On 1/12/21 12:03 PM, [email protected] wrote:
> On Tue, Jan 12, 2021 at 11:20:28AM -0600, Patrick Goetz wrote:
>> I was under the impression that the best practice is to create
>> something along the lines of
>>
>> /srv/nfs
>>
>> and then bind mount everything you plan to export into that folder; e.g.
>>
>> /etc/fstab:
>> /data2/xray /srv/nfs/xray none defaults,bind 0
>
> You can do that if you'd like. I doesn't make much difference here.
>
> You can think of a filehandle as just a (device number, inode number)
> pair. (It's actually more complicated, but ignore that for now.)
>
> So if the server's given a filehandle, it can easily determine the
> filehandle is for an object on /dev/sda2. It *cannot* easily determine
> whether that object is somewhere underneath /some/directory.
>
> So in your example, if /data2/xray is on the same filesystem as /data2,
> then the server will happily allow operations on filehandles anywhere in
> /data2.
>
> Every export point should be the root of a filesystem.
>
> --b.
>
I didn't respond to this message immediately, but it's been bothering me
ever since. When I do a bind mount like this in /etc/fstab:
/data2/xray /srv/nfs/xray none defaults,bind 0
it's my understanding that the kernel keeps track of the resulting
/srv/nfs/xray filesystem in it's vfs somehow. Even when directly on the
server I can't "break out" of /srv/nfs/xray to get to the other
directories in /data. Then how on earth would an NFS client do this?
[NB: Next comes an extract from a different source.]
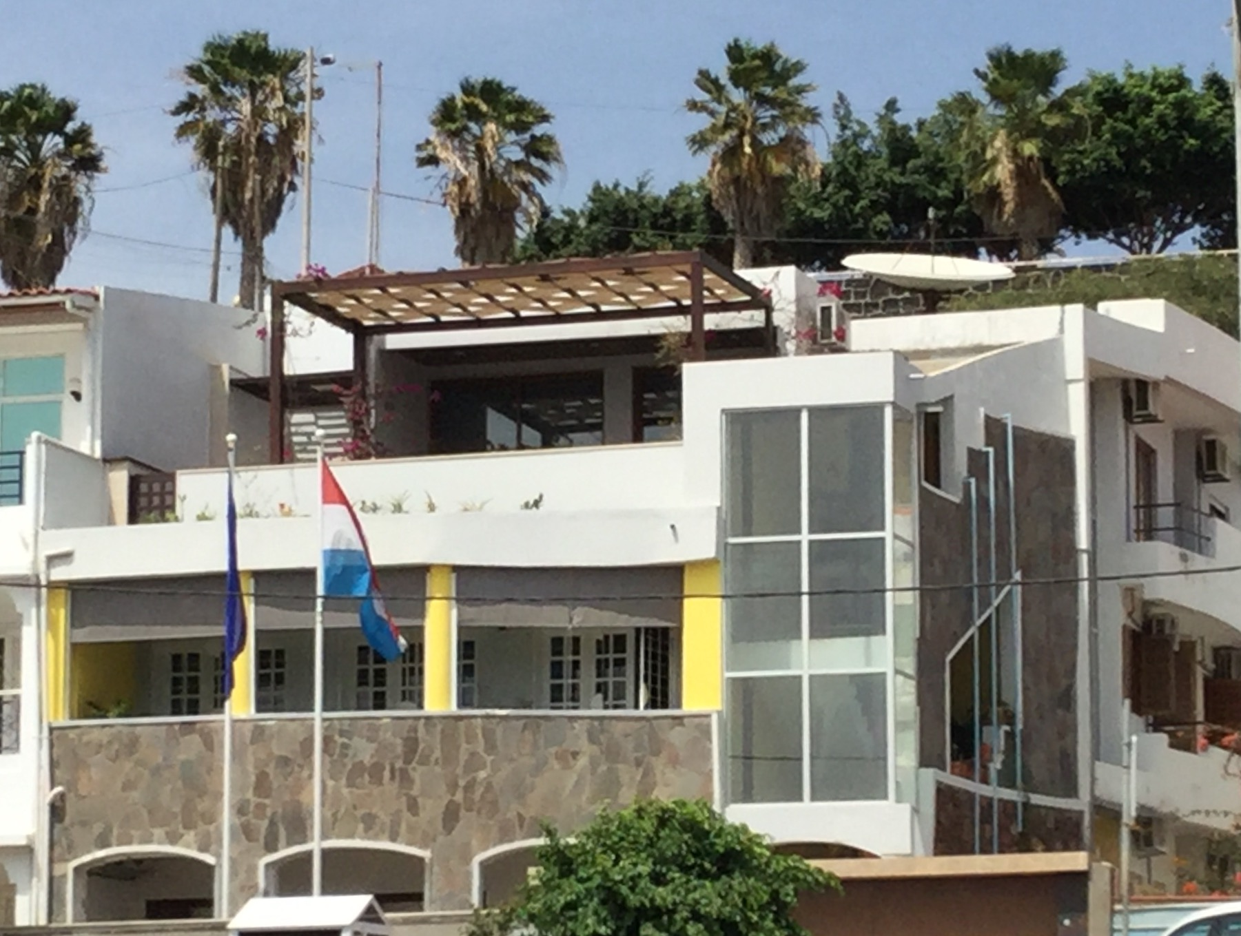 Luxembourg Cooperation Office in Praia, Cabo Verde.

I thought the whole point of doing a bind mount like this is to solve
the problem of exporting leaves of a directory hierarchy. In particular,
"So in your example, if /data2/xray is on the same filesystem as
/data2, then the server will happily allow operations on
filehandles anywhere in /data2."
Yes, sure; but I'm not exporting /data2/xray; I'm exporting
/srv/nfs/xray, a bind mount to the preceding. Am I missing something,
or is NFS too insecure to use in any context requiring differentiated
security settings on different folders in the same directory structure?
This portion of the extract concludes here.